[15] Hugging

3.8K 244 12
                                    

"I was walking up the front porch steps
After everything that day,
Had gone all wrong or been trampled on
And lost and thrown away"
– Our Song,Taylor Swift

***

SABTU ini, seperti yang direncanakan, semua anggota eskul mading akan berkunjung ke salah satu pantai fenomenal di pulau jawa. Aku sudah jelas tidak akan ikut, mau bagaimanapun Regen memaksaku, dia sama sekali nggak tahu apa-apa. Jadi daripada aku nangis-nangis histeris disana, merengek minta pulang seperti anak kecil yang diajak ibunya pergi arisan, aku memilih tinggal.

Rencananya, hari ini akan aku habiskan dengan bermalas-malasan di kasur sambil mendengar musik yang diputar di tape kecil milik aku dan Dilla. Btw, kita patungan dulu. Jadi aku tidak bisa seenaknya menganggap itu punyaku.

"Lo nggak nge date? Bisanya pagi-pagi udah ribut janjian ini itu" celotehku, melihat Dilla yang masih bergelut di kasurnya juga setelah solat subuh.

Cewek itu melirikku sekilas lalu kembali menenggelamkan wajahnya di bantal,

"Gue Jomblo sekarang"

Aku tersedak ludahku sendiri. Selanjutnya, tawaku malah pecah dan tidak bisa ditahan lagi. Jadi, sekarang, kakakku yang doyan banget gonta-ganti pacar ini, jadi jones alias jomblo ngenes?

"Heeuuh, Dy, gue ditipu lagi. Dia ternyata, udah punya tunangan" kata Dilla, mencicit.

Tawaku sedetik berhenti, lalu kemudian berderai lagi. Puas, akhirnya kakakku ini jomblo juga. Akhirnya, semoga Dilla tobat ya Allah.
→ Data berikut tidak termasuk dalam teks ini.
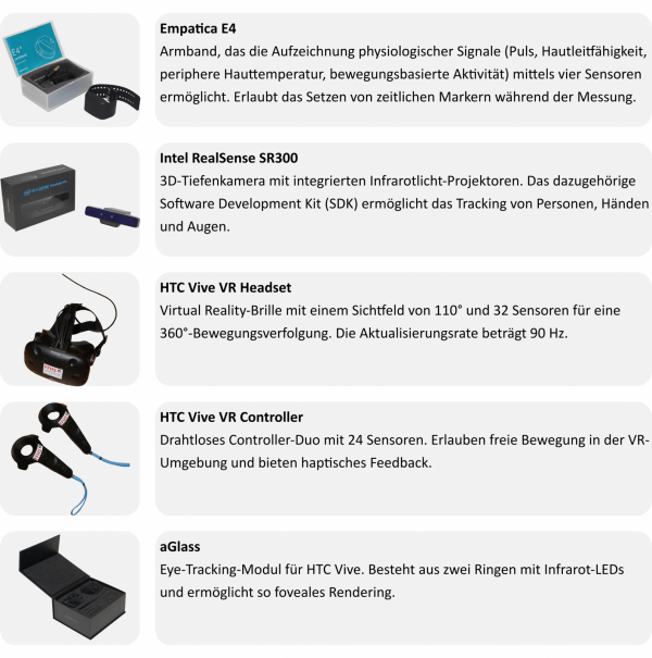 Unsere Geräte ermöglichen die Gestaltung und Umsetzung von virtuellen (Lern-)Umgebungen, in denen eine oder mehrere Personen an einer Aufgabe arbeiten können. Wir untersuchen das Potenzial von VR im Fernunterricht. Mit Hilfe von Eye-Trackern können wir feststellen, wo und wie lange die Lernenden auf Lehrmaterial – meist auf Bildschirme - schauen, um Konzepte wie Aufmerksamkeit, kognitive Belastung und andere kognitiv-affektive Zustände zu messen. Ähnlich wie das Eye-Tracking gibt uns das Mouse-Tracking die Möglichkeit, kognitive und emotionale Zustände im Zusammenhang mit dem Lernen zu untersuchen, wie z.B. Vertrauen, Aufmerksamkeit, Neugier, Interesse, Frustration, Langeweile oder Verwirrung.

"Lo sih nggak kapok-kapok. Udah tau cowok begitu, masih juga cinta setengah modar. Rasain kan, lo pikir ganteng sama baik aja cukup? Meteran lo terlalu cetek ngukur kriteria cowok. Dua orang yang saling cinta aja belum tentu bisa mempertahankan hubungannya, apalagi yang cuma searah. Come on lah Dill, gue nggak mau bilang masih banyak cowok diluar sana. Karena lo tau? Kita, cewek, kaum hawa, Cuma nyuri rusuk satu orang kaum adam. Kenapa? Karena takdir kita cuma satu orang. Dan kita harus percaya kalau orang itu lagi nyari kita juga sekarang."

Aku tidak sadar Dilla sudah bangkit dari posisi tidurnya. Melongo. Menatapku dengan mata membulat sempurna. Aku sendiri tertegun. Apa yang baru saja kukatakan tadi? Oh, yaampun, aku sudah merasa seperti Mario Teguh. Yaampun, aku belum siap botak. Tidaakk,

"It seriously Melody Aristya Aeldra?"

Aku mencibir.

"Bukan, itu tadi titisan Merry Riana" celetukku asal, dan sejurus kemudian, kami mulai perang bantal seperti biasa.

Sebagai pengiring mentari yang perlahan naik.

***

Ting nong,

"Iyaa bentarr!!!" aku berlari dari arah dapur sambil melepas celemek dora yang sudah belepotan minyak. Padahal aku hanya berusaha membantu mama memasak nasi goreng untuk sarapan, tapi jadinya malah hancur lebur nggak jelas gini. Yasudahlah, memang nggak ada bakat.

Aku membuka pintu rumah dan terkejut melihat siapa yang berdiri di balik pintu. Mau tahu siapa? Orang paling bikin kangen sejagatraya, papaku tercintah.

"PAAAHH KOK PULANG GA BILANG BILANG?!" Teriakku histeris, cukup untuk membuat seisi rumah berderap kearah pintu. Papaku ini baru aja pergi dinas ke Aceh. Nggak baru deng, udah dari seminggu setelah aku pindah ke Indonesia. Aku tahu sih, kepulangan papa kali ini ada misi khusus yang tidak lain dan tidak bukan adalah menikahkan anaknya. Oh, itu terlalu ambigu ya, maksudku, menikahkan kak Tania. By the way ini H-sebulan loh.

"Papaaaaa"

Semua orang langsung ribut memeluk papa dan merangsek keluar. Dasar keluarga ribet, emang ribet, ribet deh jelasinnya.